🤖 AI Summary
This paper addresses privacy-preserving release of the 2020 U.S. Census Supplemental Demographic and Housing Characteristics (S-DHC) files.
Method: It proposes the first zero-concentrated differential privacy (zCDP) framework designed for large-scale official statistics, introducing the discrete Gaussian mechanism for national-level statistical disclosure—rigorously proving its zCDP compliance—and implementing it via the Tumult Analytics platform to enable verifiable, production-grade privacy computation.

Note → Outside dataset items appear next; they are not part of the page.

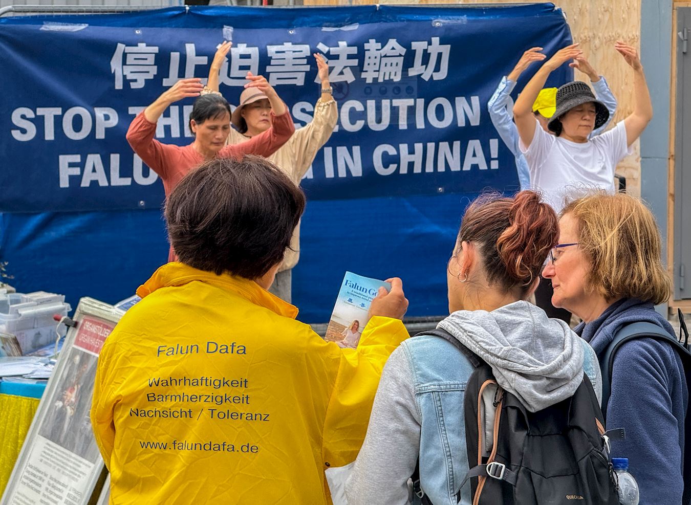 一对年轻男女走近另一位学员,男青年说自己知道法轮功的事情,还希望同伴也能听到真相。
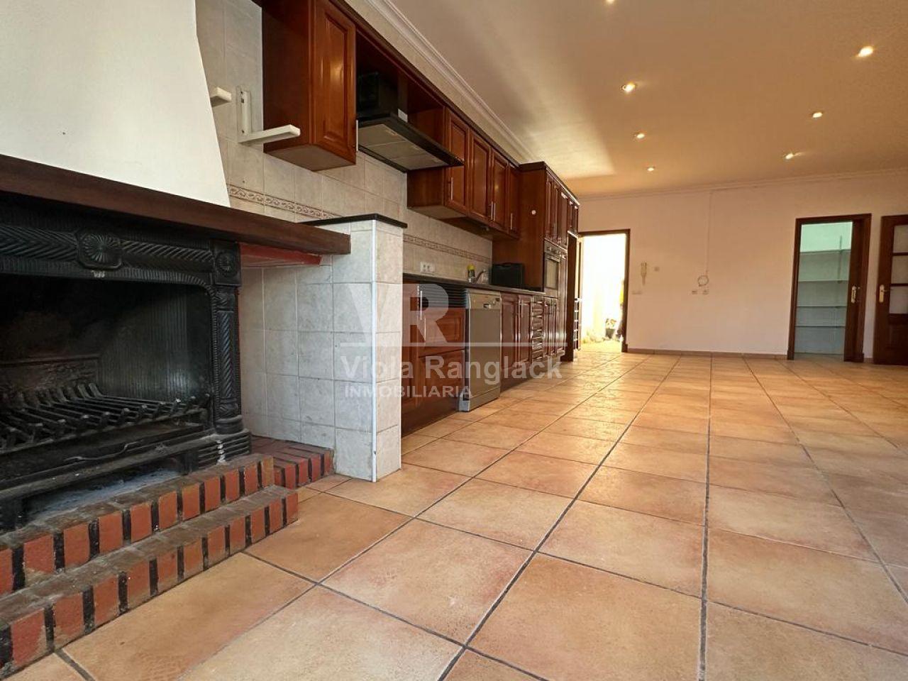 Tiene una gran cocina abierta a un salón comedor con chimenea.
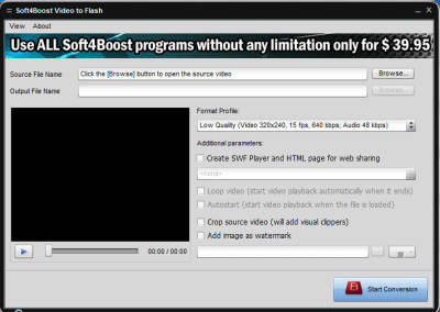 Soft4Boost Video to Flash 是一个功能简单实用,转换效率高,免费安全的媒体转换工具,它可以将常见的视频格式转换成SWF格式的Flash动画,另外如果您打算把swf引入到网页中,程序还可以生成flash调用网页代码,非常的方便!软件对很多视频格式进行了设置,减少了用户不必要的操作选项,让这款英文软件也适合国内用户使用。
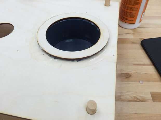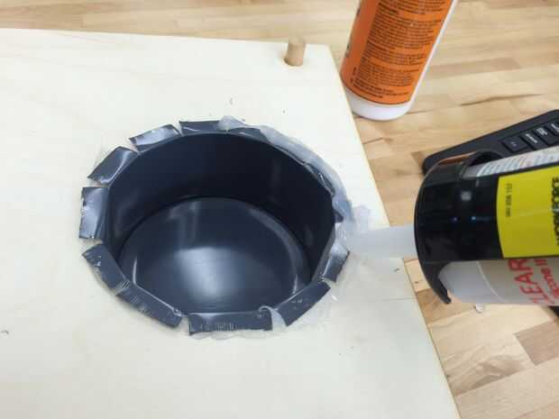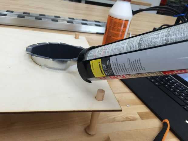 Coloque una segunda tira todo el camino alrededor de la parte superior de las aletas y luego colocar el anillo de cubierta de madera en la parte superior, centrando lo mejor posible. Aplastar el anillo hacia abajo y utilizar algunos desechos para eliminar el exceso de silicón que rezuma hacia fuera.
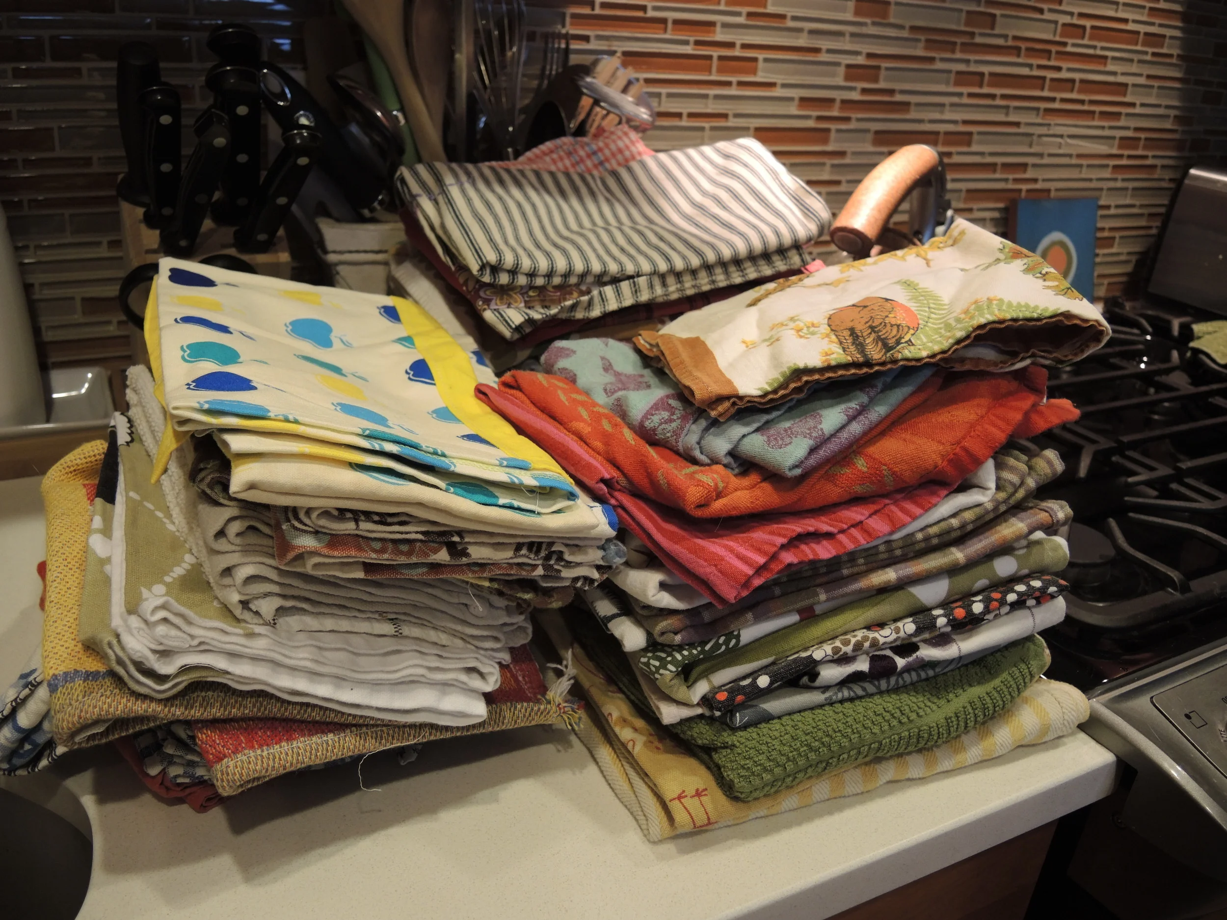 What's a tea towel? Traditionally it was a towel to place over a tray to lay out your tea and tea time accessories. Of course popular in England and Ireland. I am not British but I am of Irish descent. If you ask me how I started making these utilitarian cloths I couldn't tell you. I also am not a tea drinker, but I am married to one and I am a fabric lover. Most Americans don't know what a tea towel is. Although most do use them every day. We call them dish towels. My family uses them all the time. I couldn't believe when I opened up my cabinet to count how many I had. 48. Yes, 48! That's not including ones probably in the dirty laundry pile. We use them mainly for drying our hands, under the dish rack at the sink and for basket liners.

Contribution/Results: (1) The first formally verified, production-deployed zCDP algorithm; (2) a demonstrable balance between strong privacy guarantees (zCDP) and high statistical utility on real-world census infrastructure; (3) a scalable, auditable privacy-enhancing paradigm for official statistics. The solution has been operationalized in the S-DHC data release system, marking a milestone in the U.S. Census Bureau’s privacy protection practice.
📝 Abstract
This article describes the disclosure avoidance algorithm that the U.S. Census Bureau used to protect the 2020 Census Supplemental Demographic and Housing Characteristics File (S-DHC). The tabulations contain statistics of counts of U.S. persons living in certain types of households, including averages. The article describes the PHSafe algorithm, which is based on adding noise drawn from a discrete Gaussian distribution to the statistics of interest. We prove that the algorithm satisfies a well-studied variant of differential privacy, called zero-concentrated differential privacy. We then describe how the algorithm was implemented on Tumult Analytics and briefly outline the parameterization and tuning of the algorithm.